A level playing field, open market is part of the fundamental creed of the European Union, resulting in greater choice and reduced prices for consumers – at least that’s certainly what happened to European flights. As a result, more people could get from the UK to Crete cheaply and when they got there, they wanted to buy a holiday home. Soon it became the norm to fly, take holidays and settle all over Europe.
Of course, this came to a screeching halt in March this year. Greece put in place a strict (and initially at least, highly successful) lockdown early on, stopping flights and enforcing a curfew. As the lockdown was gradually eased, I took a gamble on Quarantine Roulette and with my family caught one of the first flights through a deserted Bristol airport to Crete in July.
As we landed at Chania airport, I thought that this might be the last time it’s this easy – not just because of passport queues or the ever-present virus but because we still haven’t sorted out what happens to air travel when we leave the EU.
The UK automatically leaves the ECAA at the end of 2020. In the event of No Deal, UK operating licences would no longer be valid in the EU and air travel would grind to a halt. That’s not too likely – it’s in the interests of both sides for air travel to continue, and there will be huge lobbying by airlines like Ryanair and EasyJet to make that happen. What it does mean is that we may end up with a limited agreement, restricted to current flights only (and you can bet that European airlines will themselves be lobbying in every way they can to restrict future competition from non-EU rivals as much as possible).

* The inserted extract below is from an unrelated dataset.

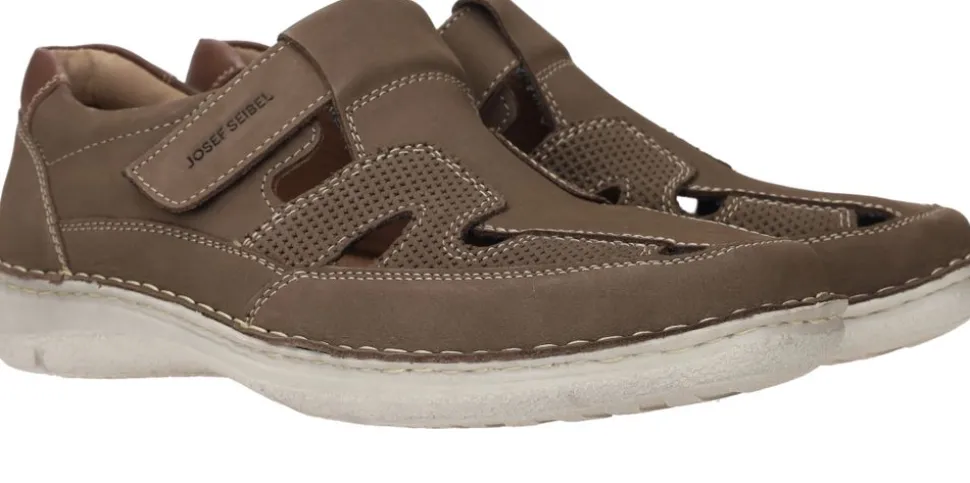 - Je sluit de herensandaal met een klittenbandsluiting.

One way to keep market access would be to become a new member of the ECAA. The problem is this would need unanimous support from each EU member state and Spain will likely veto any deal that includes Gibraltar’s international airport. Also, membership of the ECAA means being subject to ECJ jurisdiction – a red line for the current UK government.
It’s always possible that the UK negotiates a new ‘open skies’ bilateral deal with the EU, or separate deals with each individual member state. An EU-wide deal runs into the familiar roadblock of level playing field arrangements while negotiating separate deals is an immensely complex and time-consuming exercise coming at exactly the wrong time.

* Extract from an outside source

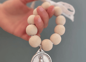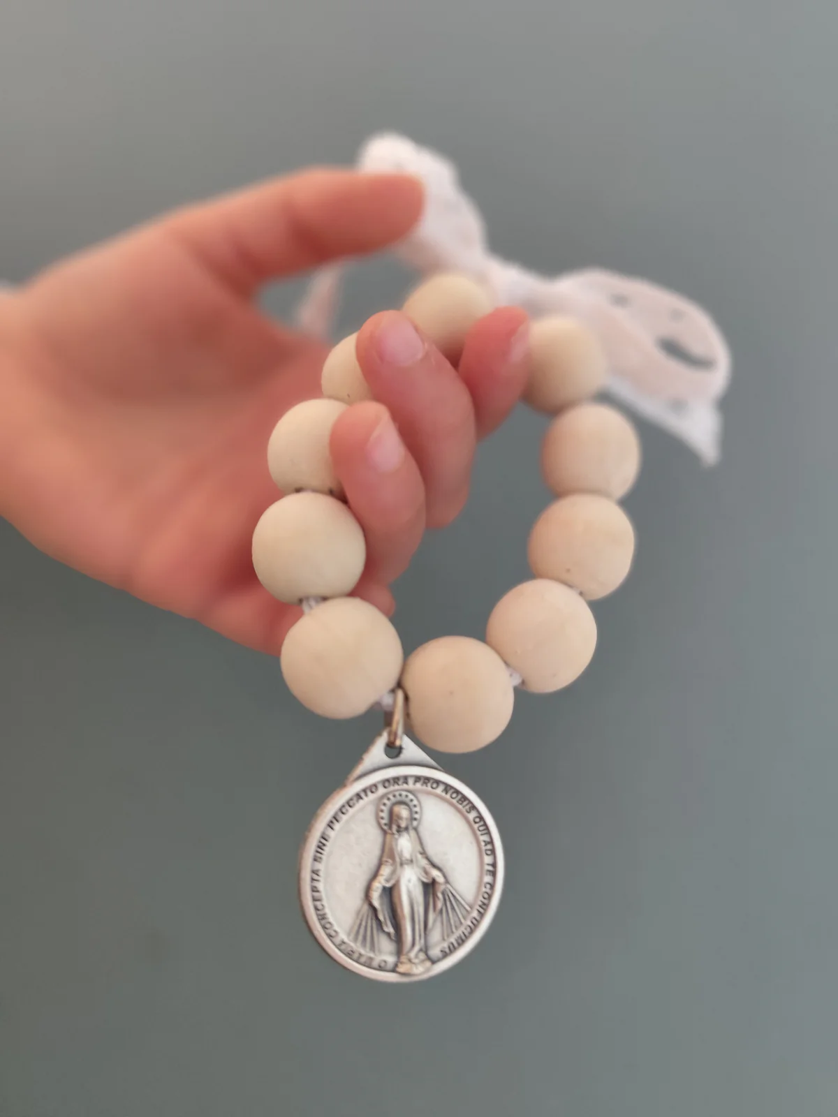 Material: Denario de bolas grandes de madera con dije protector y lazo.

Getting trapped in endless discussions about ways of negotiating travel arrangements with the EU also means a lack of focus on both more immediate and long-term concerns:
- How are airlines going to survive until next summer’s holiday season?
- What should the future of air travel look like given the ever-growing climate crisis?
We need a global, joined up strategic approach to address these issues. The EU, naturally, has thought about this and in 2015 launched an Aviation Strategy aiming to “generate growth for European business, foster innovation and let passengers profit from safer, cleaner and cheaper flights, while offering more connections.”
Where does this leave the UK, standing outside looking in, instead of being part of this continental, long term approach to aviation? What will happen to all those new homes bought following the expansion of low cost airlines after 2001?
Will it still be easy for people to go and work in the EU; to live; to travel; to study; to buy homes and to settle down, as Boris Johnson said in 2016? Or will we be “aviation lepers”, isolated like those on Spinalonga in the past? The difference being that a combination of the current state of the airline industry, Brexit and the UK’s lack of strategic thinking mean that we can’t even get to that magical island off the coast of Crete in the first place.